使用查找表更改数据框的多个列中的值 [英] Change values in multiple columns of a dataframe using a lookup table

查看:54
本文介绍了使用查找表更改数据框的多个列中的值的处理方法,对大家解决问题具有一定的参考价值,需要的朋友们下面随着小编来一起学习吧!

问题描述

我正在尝试使用查找表一次更改多个列的值.它们都使用相同的查找表.我知道如何仅对一列执行此操作-我只会使用merge,但是在处理多列时遇到了麻烦.

I am trying to change the value of a number of columns at once using a lookup table. They all use the same lookup table. I know how to do this for just one column -- I'd just use a merge, but am having trouble with multiple columns.

下面是一个示例数据框和一个示例查找表.我的实际数据要大得多(约8列10K列).

Below is an example dataframe and an example lookup table.

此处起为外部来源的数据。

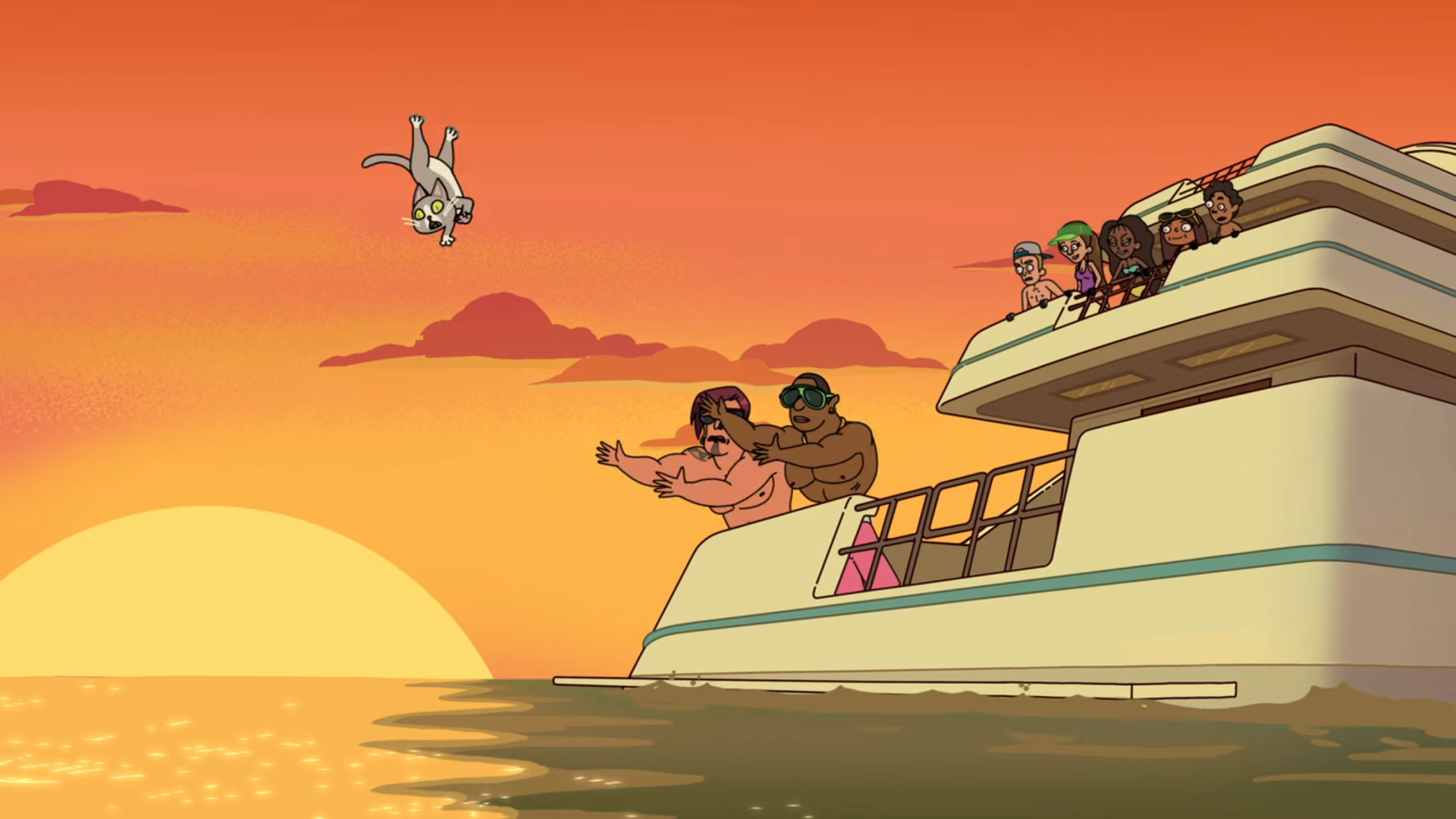 그동안 Jerry와 말하는 고양이는 따로 떨어져 고양이만 파티 보트에 올랐습니다. 마약을 하는 사람들과 섹스 이야기를 하는 사람들 사이에서 고양이는 대화를 시도하려고 하지만 결국 보트에서 쫓겨나지요. 그렇게 다시 Jerry의 곁으로 돌아갑니다.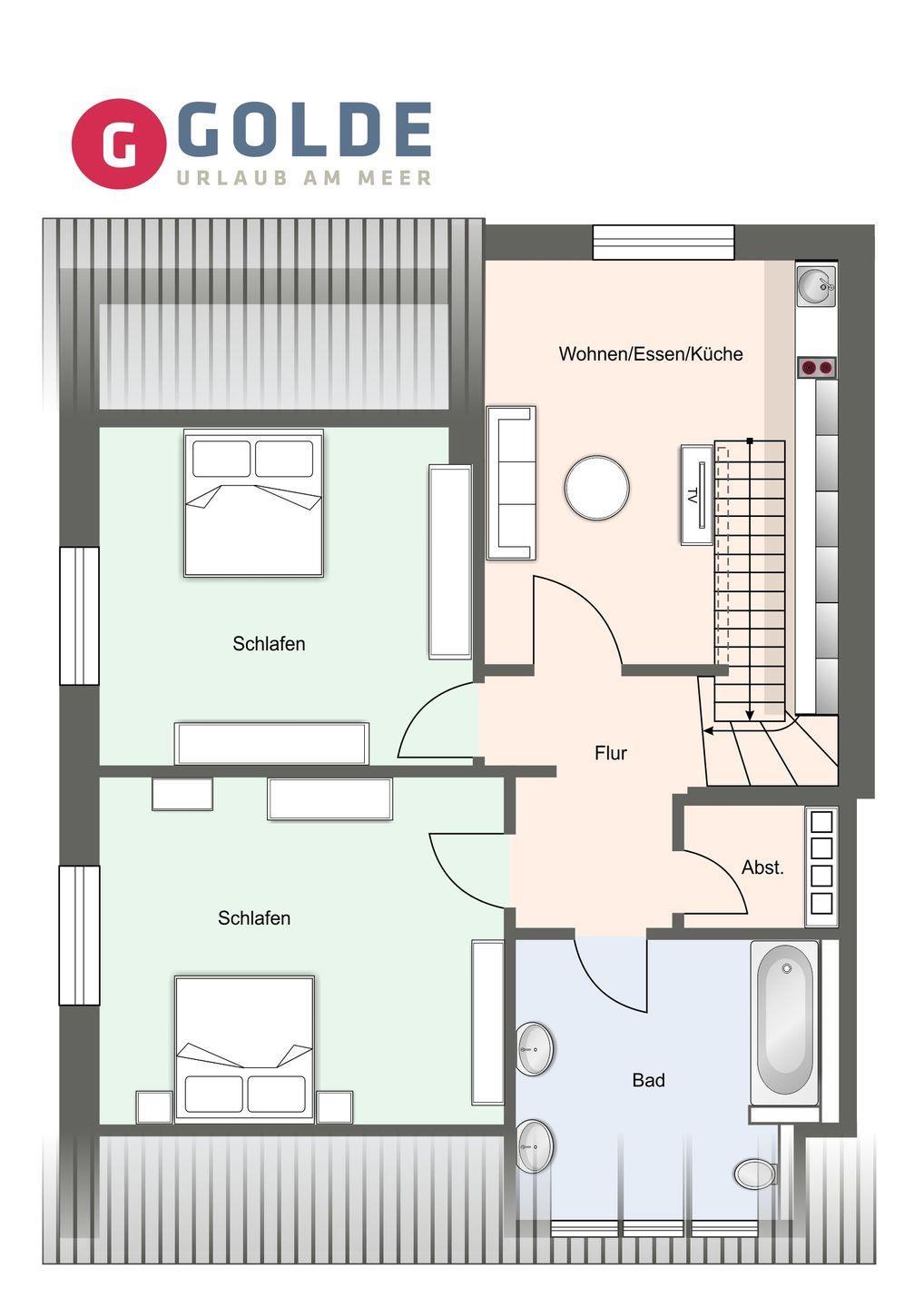 Es bietet Platz für 1-6 Personen über 2 Etagen.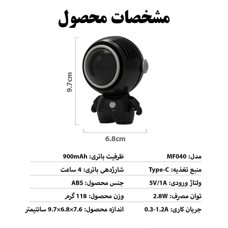 در روزهای گرمای تابستان یکی از ضروری ترین وسایلی که میتوانید همراه خود داشته باشید، پنکههای همراه هستند. این پنکهها با خنک کردن شما در روزهای گرم تابستان به یک همراه همیشگی شما در هنگام خرید، روزهای کاری و سفر تبدیل خواهند شد. پنکه شارژی مدل MF040 با طرح فضانورد خود یک محصول خاص و با زیبایی منحصر به فرد است. این محصول با داشتن موتوری از نوع Brushless علاوه بر ارائه دادن سرعت، گشتاور و بهرهوری بالاتر، مصرف انرژی کمتری دارد و از این طریق شارژدهی و طول عمر باتری را افزایش میدهد. باتری محصول دارای ظرفیت 900 میلی آمپر است که قابلیت شارژدهی تا 5 ساعت را دارد. این پنکه دارای سه حالت مختلف سرعت باد است که با هر بار فشردن دکمه، سرعت باد افزایش مییابد. پنکه G01 قابل استفاده در حالتهای مختلف است و میتوان آن را به صورت دستی، رومیزی و آویز گردنی استفاده کرد. درگاه شارژ محصول از نوع Type-C است و با سرعت خوبی شارژ می شود. خروجی باد در این محصول قابلیت چرخش 360 درجه دارد و امکان تنظیم جهت وزش باد در زاویه دلخواه را فراهم میآورد. بند آویز گردنی محصول نیز از جنس سیلیکون است و قابلیت تنظیم اندازه در 3 حالت را دارد و برای تمامی سنین مناسب است.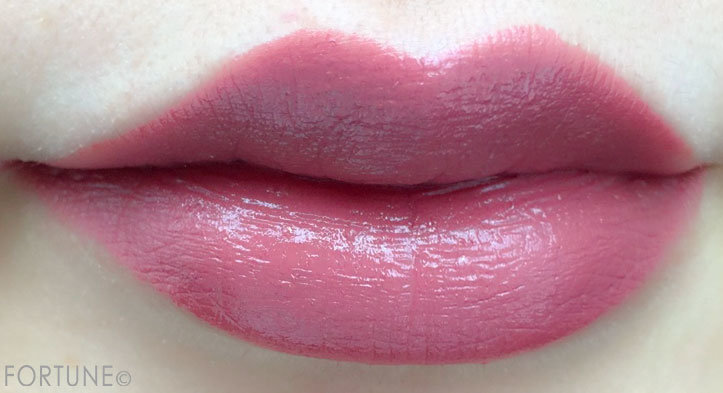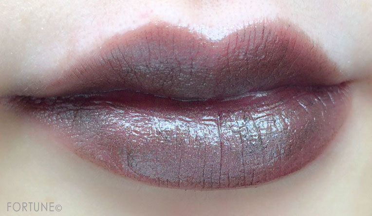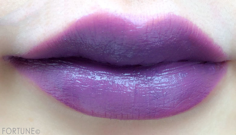 赤みのある深いバイオレットカラーなので顔映りもくすまず綺麗。このリップスティックはとてもテクスチャーが柔らかくスルスルと伸びるから塗りやすく、色がとても綺麗に馴染みますよ。

My actual data is much larger (~10K columns with 8 rows).

example <- data.frame(a = seq(1,5), b = seq(5,1), c=c(1,4,3,2,5))

lookup <- data.frame(number = seq(1,5), letter = LETTERS[seq(1,5)])

理想情况下,我最终得到一个看起来像这样的数据框:

Ideally, I would end up with a dataframe which looks like this:

example_of_ideal_output <- data.frame(a = LETTERS[seq(1,5)], b = LETTERS[seq(5,1)], c=LETTERS[c(1,4,3,2,5)])

当然,在我的实际数据中,数据帧是数字,但是查找表要复杂得多,所以我不能仅仅使用LETTERS之类的函数来解决问题.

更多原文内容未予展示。